What Style of Weaning is Right for Me?

Ultimately, the weaning journey is the same regardless of what weaning style you prefer - it’s all about introducing healthy, nutritious foods to your little one!

Most people find that a combination of traditional and baby-led weaning is the best approach. Doing bits of both allows you to take all the benefits of baby-led weaning and the advantages of a traditional method, such as ensuring your little one gets the nutrients they need.

A mother holding her vegan baby

Things to Consider When Weaning a Vegan Baby

Vegan diets are becoming increasingly popular, as plant-based options increase and we become more aware of our impact on the world. However, many vegan diets lead to deficiencies in certain nutrients that are important for your little one.

The good news is that it’s possible to raise your baby on a vegan diet, but careful planning is essential. We would strongly recommend speaking to a healthcare professional for personal advice about your baby first, but here are a few things you may want to consider.


Traditional vegan diets tend to be high in fibre, which is acceptable for adults as it leaves us feeling fuller. However, for little ones, feeling full too quickly can stop them eating and getting the nutrients they need.

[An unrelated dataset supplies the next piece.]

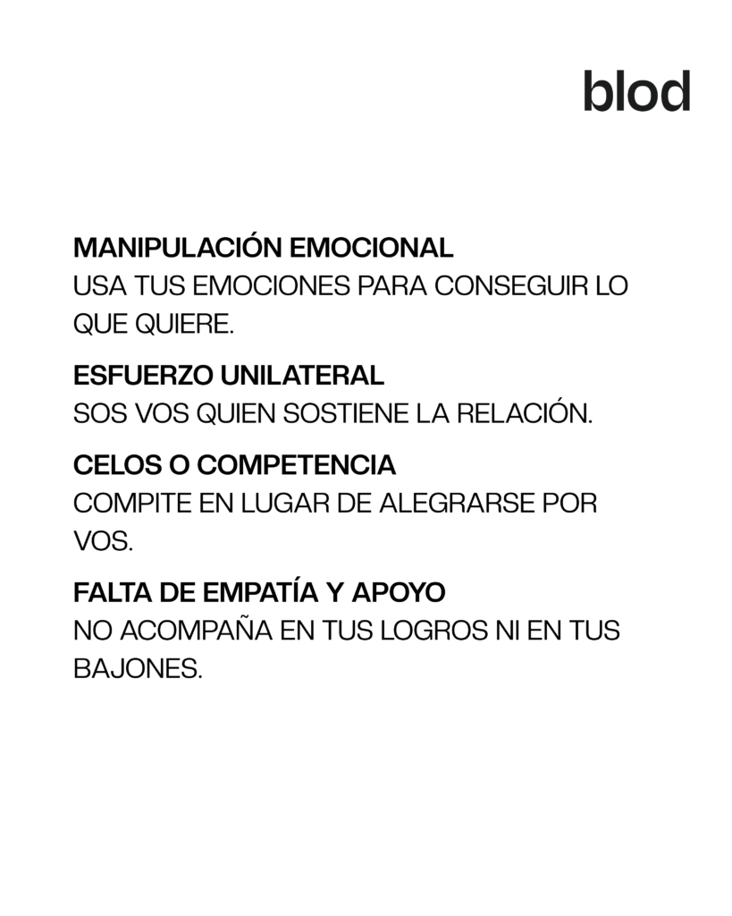 También aparecen actitudes como la manipulación, los celos o el esfuerzo unilateral: cuando sos siempre vos quien sostiene la relación. Uno de los indicadores más fuertes es el gaslighting, esa forma de manipulación en la que te hacen sentir confundido, inseguro o culpable sin razón. A esto se suma la ausencia de apoyo en momentos clave, que deja en evidencia la falta de empatía y el desinterés por tu bienestar real.

Foods high in fibre to consider in moderation include:

  • Wholegrain bread and rice
  • Beans and pulses
  • Certain dark green vegetables, such as broccoli and kale


Commonly, protein is best sourced from animal products. The reason for this is that animal sources contain all the amino acids - the building blocks of protein - that our bodies need.

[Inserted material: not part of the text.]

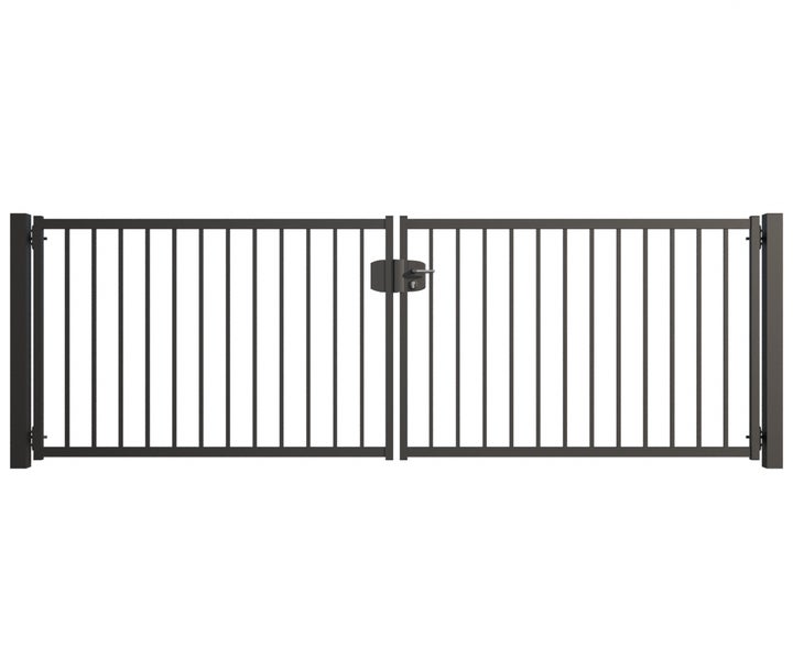 Gartentor ZAUNGURU BASIC-Line Bremen aus Metall, Höhe: 123cm, Breite: 388cm, 2-flügelig inkl. Pfosten, Schloss und Zubehör, Feuerverzinkt und zusätzlich in RAL 7016 Anthrazitgrau pulverbeschichtet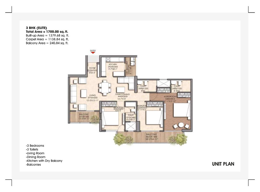 | 3 BHK Elit | 1700 Sq.ft. | On Request |

There are many vegan sources of protein available, such as:

  • Tofu
  • Beans and pulses
  • Quinoa
  • Chia seeds

However, these plant-based sources don’t contain the wide range of amino acids needed. The key to overcome this is to ensure your little one gets as varied sources of protein as possible. Continue to introduce new foods to ensure your little one gets all the proteins they need.


Iron is a crucial part of any baby’s weaning diet. However, there are two different types:

  • Haem iron: from animal sources.
  • Non-haem iron: from plant sources.

Like protein, our bodies are better at absorbing haem iron from animal sources (such as meats and fish) than they are at absorbing non-haem iron, which can be found in cereals, vegetables and beans.

For vegans, vitamin C is vital, as this helps the body absorb non-haem iron sources. Serving iron-rich foods alongside vitamin C-rich foods can help ensure your little one gets the iron they need.

Organic string beans in a wooden crate


Milk is a hugely important part of a baby’s diet when weaning, as it provides a huge collection of vital nutrients. However, there are few vegan milk sources suitable for babies. As a result, breastmilk becomes increasingly important.

When breastfeeding your vegan baby, you need to make sure you are eating a balanced diet that passes on nutrients to your little one.


Supplements are essential for every baby during weaning, but you should take particular care with vegan babies.

The Department of Health recommends all little ones have a supplement containing vitamins A, C and D, while vitamin B12 is also recommended for vegans.

Note that not all supplements are suitable for vegans, particularly when it comes to vitamin D. Thankfully, there are many supplements on the market made for vegans.

Please speak to a healthcare professional about any concerns you have, as they may also recommend other supplements due to your little one’s vegan diet.

Weaning is a hugely important and exciting time for your little one, as they begin their journey into the wide world of food! Weaning on a vegan diet presents its own range of challenges, but with good planning and plenty of research and advice, you can ensure they get everything they need from their food.